Pawson's notable publications include:
- Small Plastic Babies (1987)
- Mark's Little Book About Kinder Eggs (1989), which he self-published over 6,000 copies of.
- Eco-frenzy; recycling and ecology symbols (1992)
- Clip-on Plastic Moustaches (1992)
- Die-Cut Plug Wiring Diagram Book (1992)
- The Address Is The Art (2003) an artist's book comprising envelopes Pawson had received in the mail over the course of two decades.

Pawson collaborated with brands such as Tatty Devine and Levi’s Vintage Clothing,. He supplied the cover illustration for the December 1996 issue of Creative Review and was the subject of a four page article. From 1998 to 2012 he contributed a comics and zines review column for Variant magazine.

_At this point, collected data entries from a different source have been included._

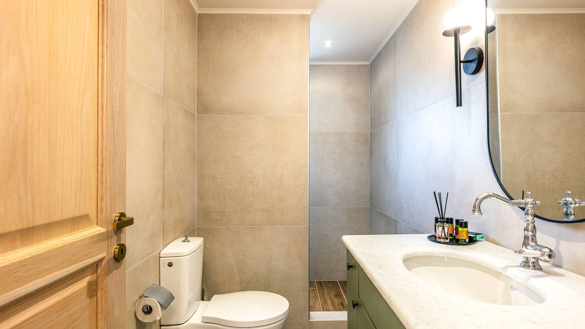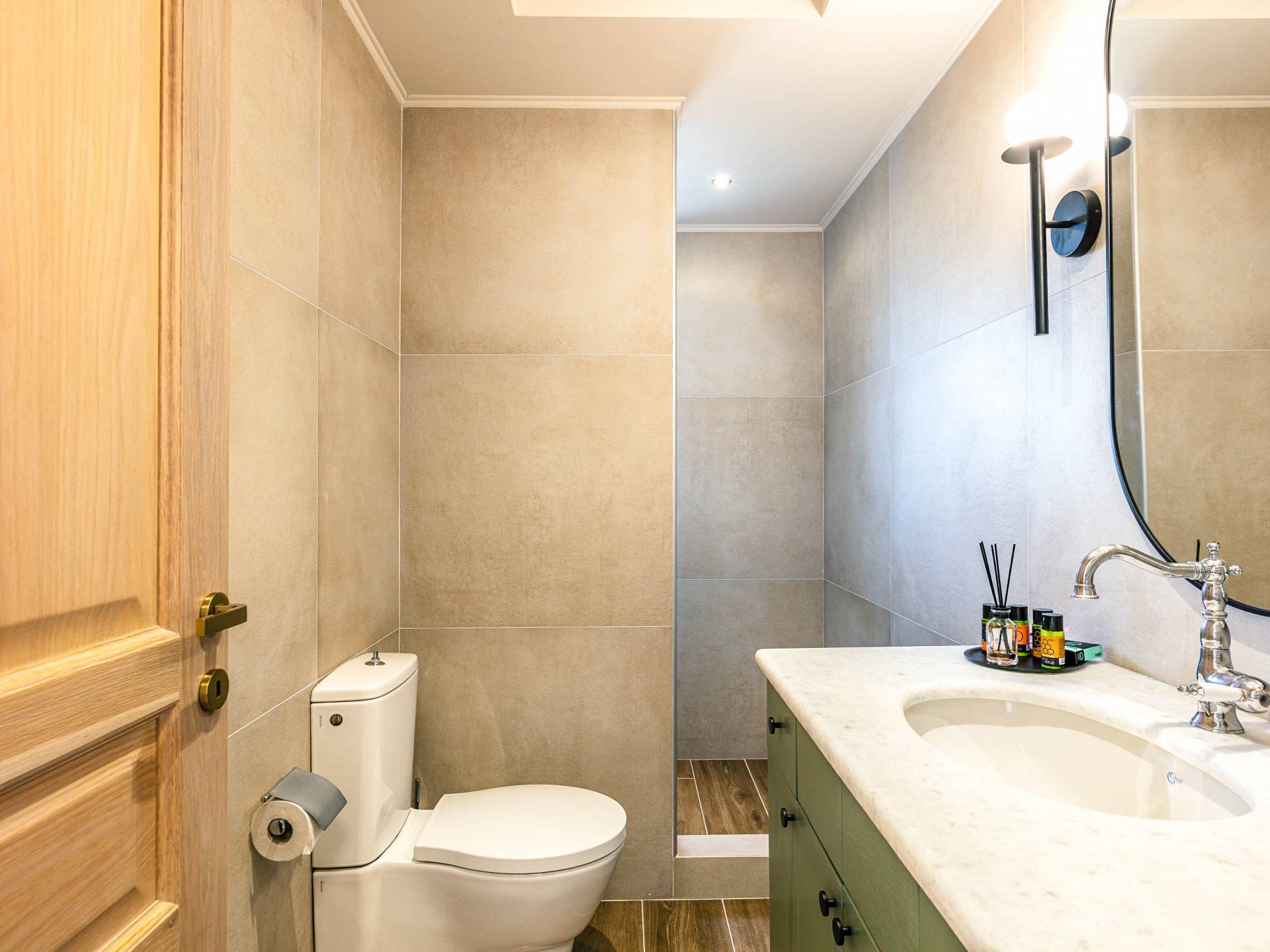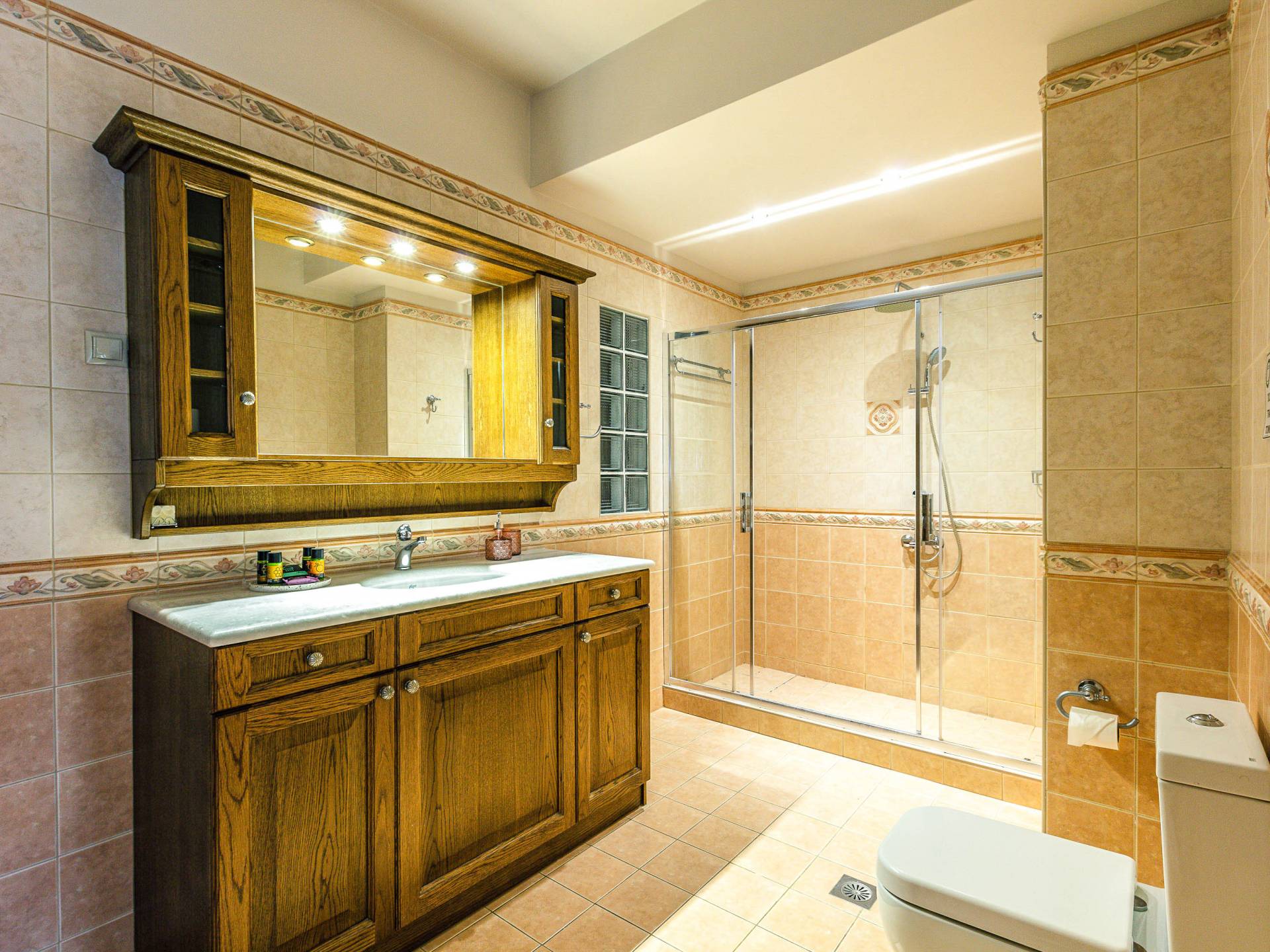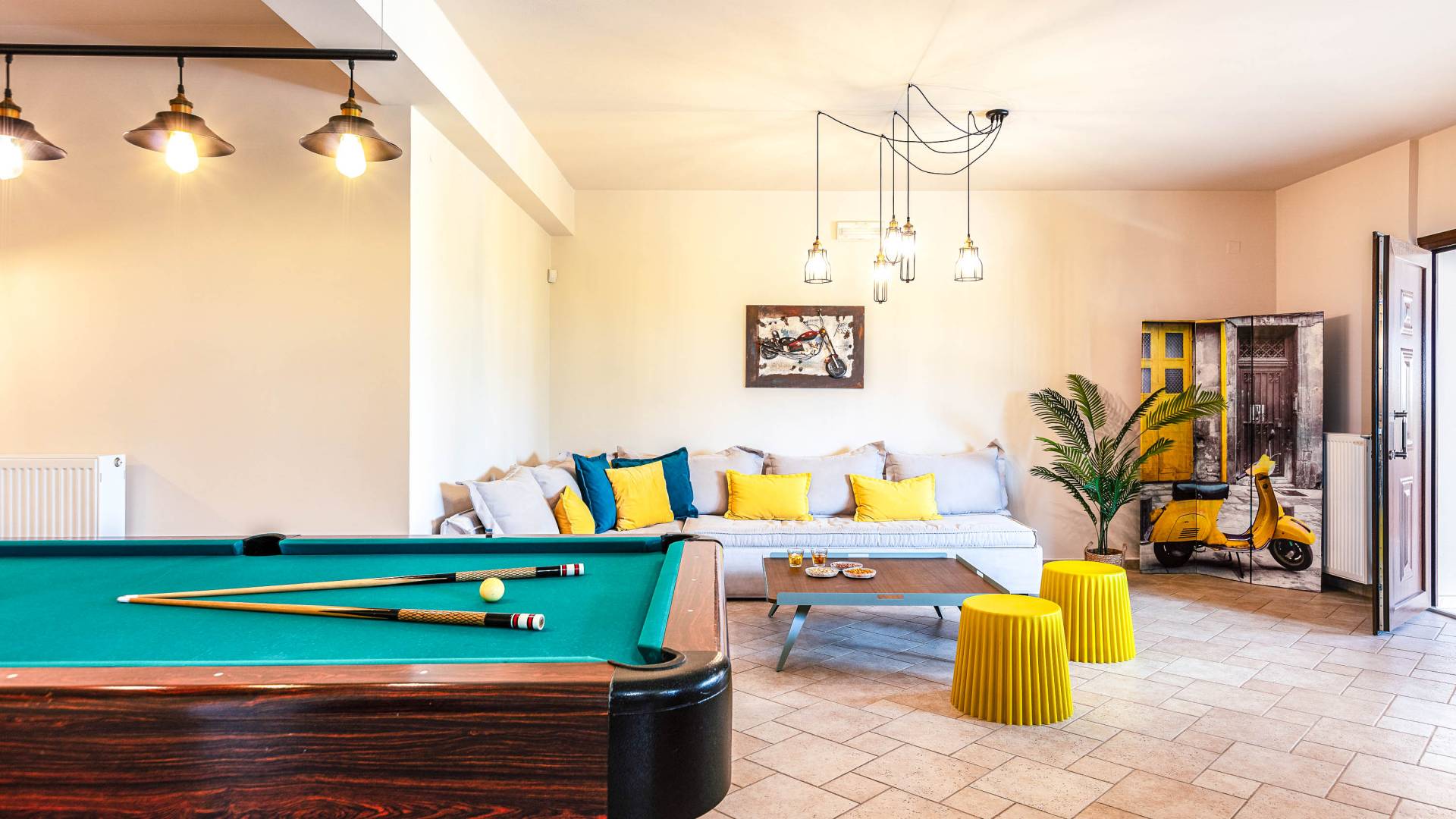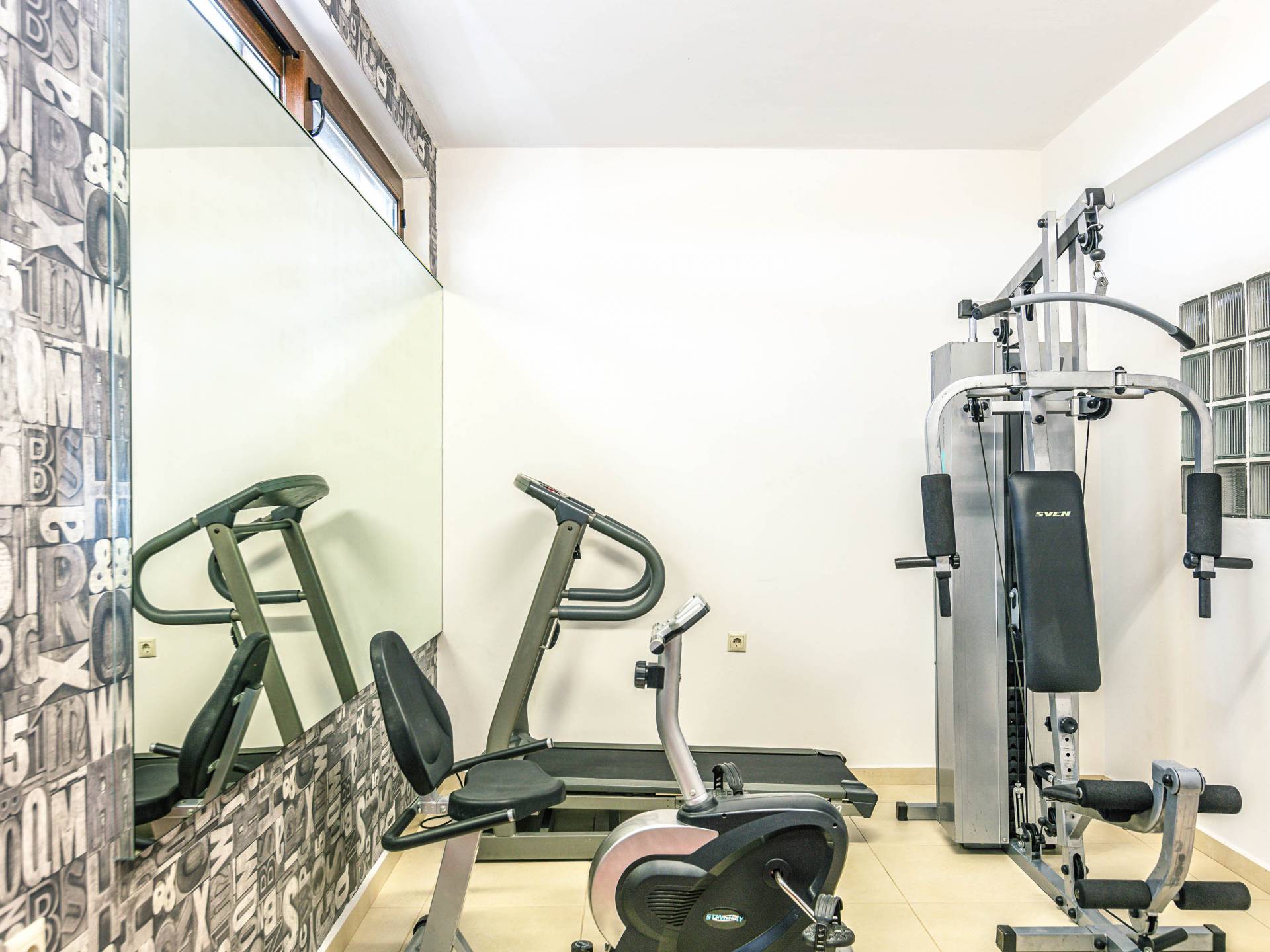 A staircase from the living room area on the ground floor leads you down to the lower floor. On this floor, there is a gym, an open plan area consisting of the playroom area, and the secondary kitchen. Our gym has a wide collection of fitness equipment such as a treadmill, a stationary bicycle, abs equipment, a fitness multifunctional apparatus, and exercise balls. The comfortable and cozy playroom area includes a big sofa, 50” HDTV, Playstation4 with games, board games, toys for young children, and a billiard. There is also a ping pong table on the veranda out of the playroom. Additionally, there are two bedrooms on the same floor, one with a double bed and the other one with two single beds which also can be united to form a double bed. A bathroom with a shower is also found on this floor.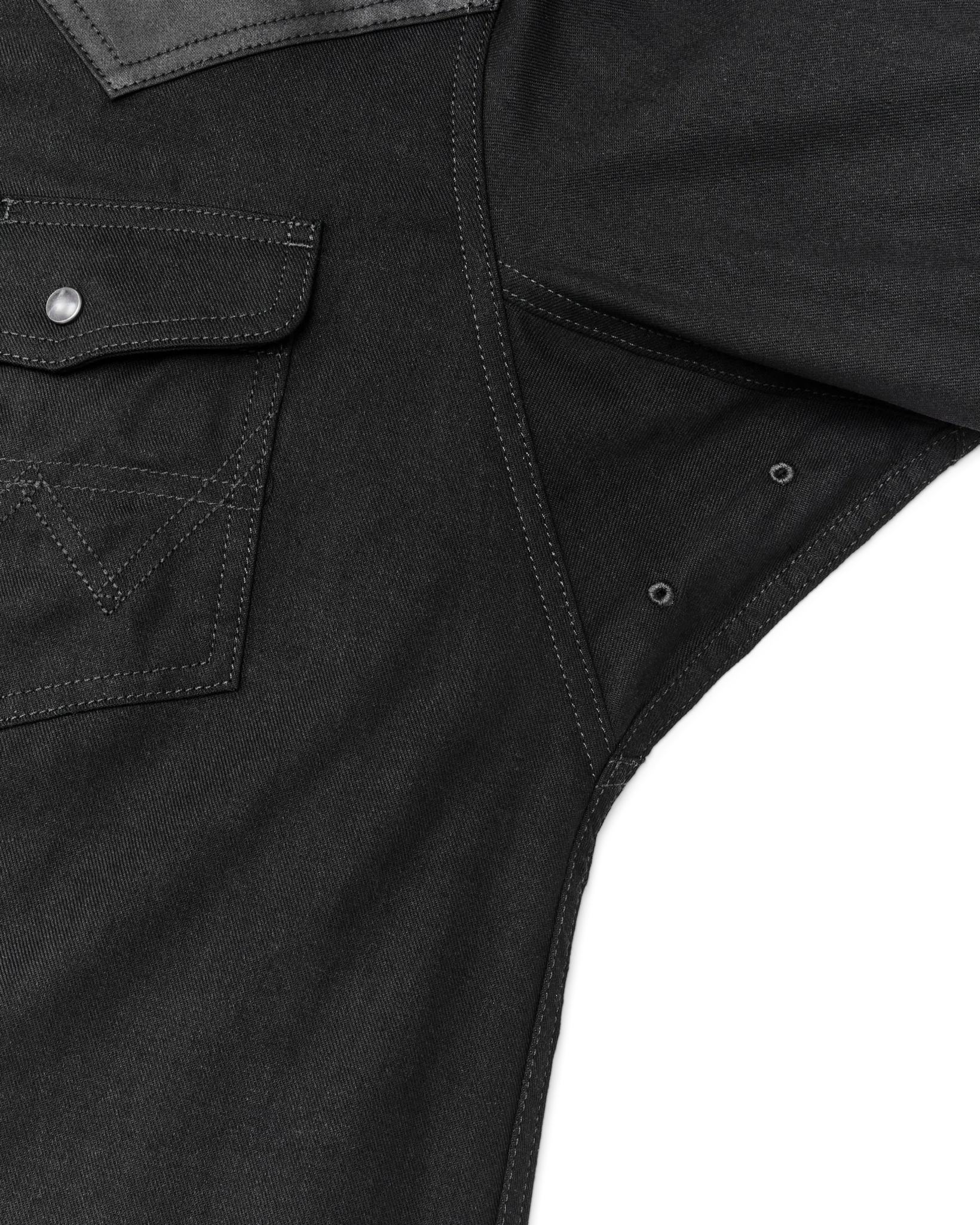 A WESTERN SHIRT IN MEDIUM-WEIGHT DENIM WITH WASHABLE WAXED-COTTON SHOULDER OVERLAYS.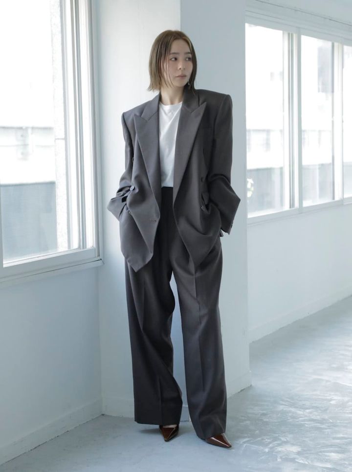 「マニッシュでいてクラシックなムードのセットアップにすることで、ラグジュアリーなジュエリーが映えるように意識しました。今まではストリート系のスタイリングが多かったですが、今季は大人っぽさを意識したい気分。セットアップは黒だと重くなるので、チャコールっぽいグレーのニュアンスのある色で、こなれた雰囲気に仕上げました」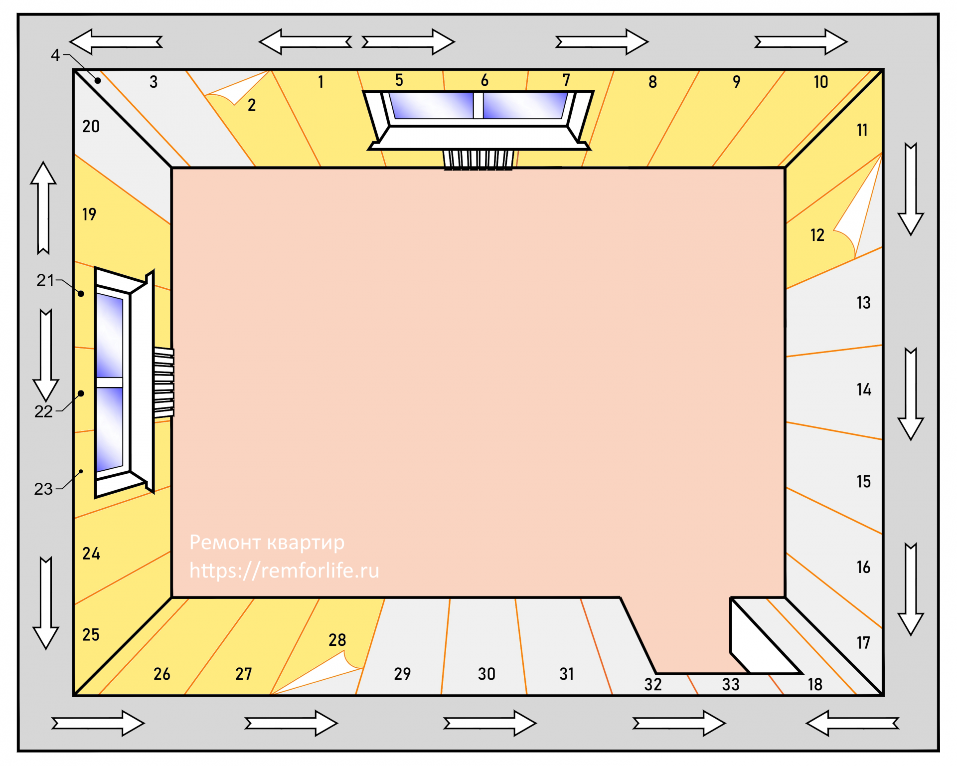 Схема поклейки обоев от окон (вариант с двумя окнами в комнате)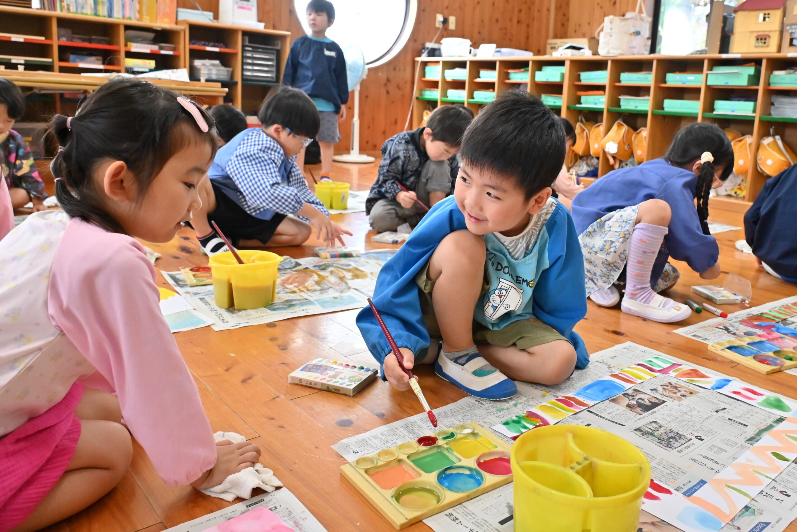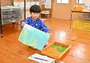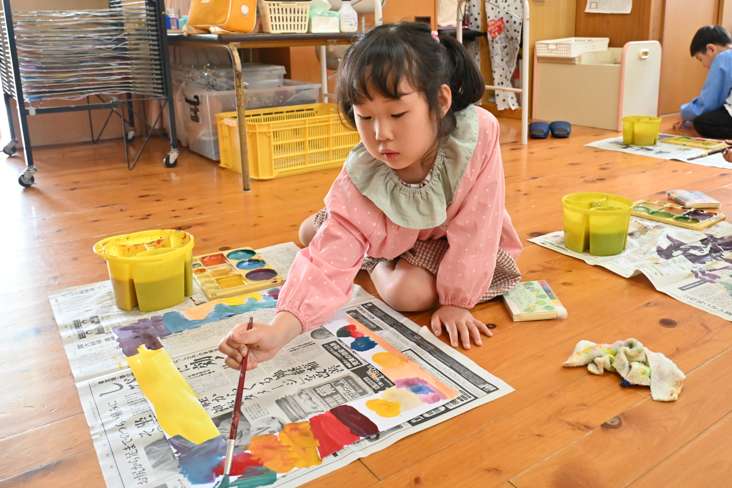はさみやのり等の使い方を知り、製作活動を通して、子ども達の想像力を育む活動をおこなっています。 ≪令和7年度 ねらい≫ 〇様々な技法を使った絵の具遊びを通して、感触・色・混ざり合いに興味を示し、 想像する楽しさや試してみようとする探究心を育む 〇自然に触れた製作を行い、季節を感じた作品や遊びを楽しむ 〇共同製作を行い、友達と一緒に作る楽しさを味わう

In 2018, Pawson collaborated with Jess Baines and Tony Credland on "Doing it ourselves: countercultural and alternative radical publishing in the decade before punk." which was published as a chapter in an anthology of works about fanzines by Manchester University Press.

== Exhibitions ==
Pawson exhibited widely in the UK and internationally. Notable exhibitions include:

- Untitled, an installation in which mail received by Pawson was pasted onto the walls of his London home from June 1987 - September 1988.
- A joint show with Ben Allen at Transmission Gallery in Glasgow (1990).
- No New Work a retrospective at Last Chance Saloon, London (1999)
- Metropolis Rise: New Art from London at 798 Space, Beijing (2006)
- Not Quite Disney at Jealous Gallery, London (2024)

== Legacy ==
Pawson's work is held in major collections including:
- British Museum, London
- Tate Gallery Library, London
- National Art Library at the V&A
- University of the Arts, London
- Baltic Centre for Contemporary Art, Gateshead
- MoMA Library, New York
- Yale Center for British Art, Connecticut
- Private collection of Björk

== Death ==
Mark Pawson died of a heart attack in March 2025 at the age of 60. He was widely mourned in the art community, with tributes highlighting his generosity, humor, and influence on generations of DIY and mail artists.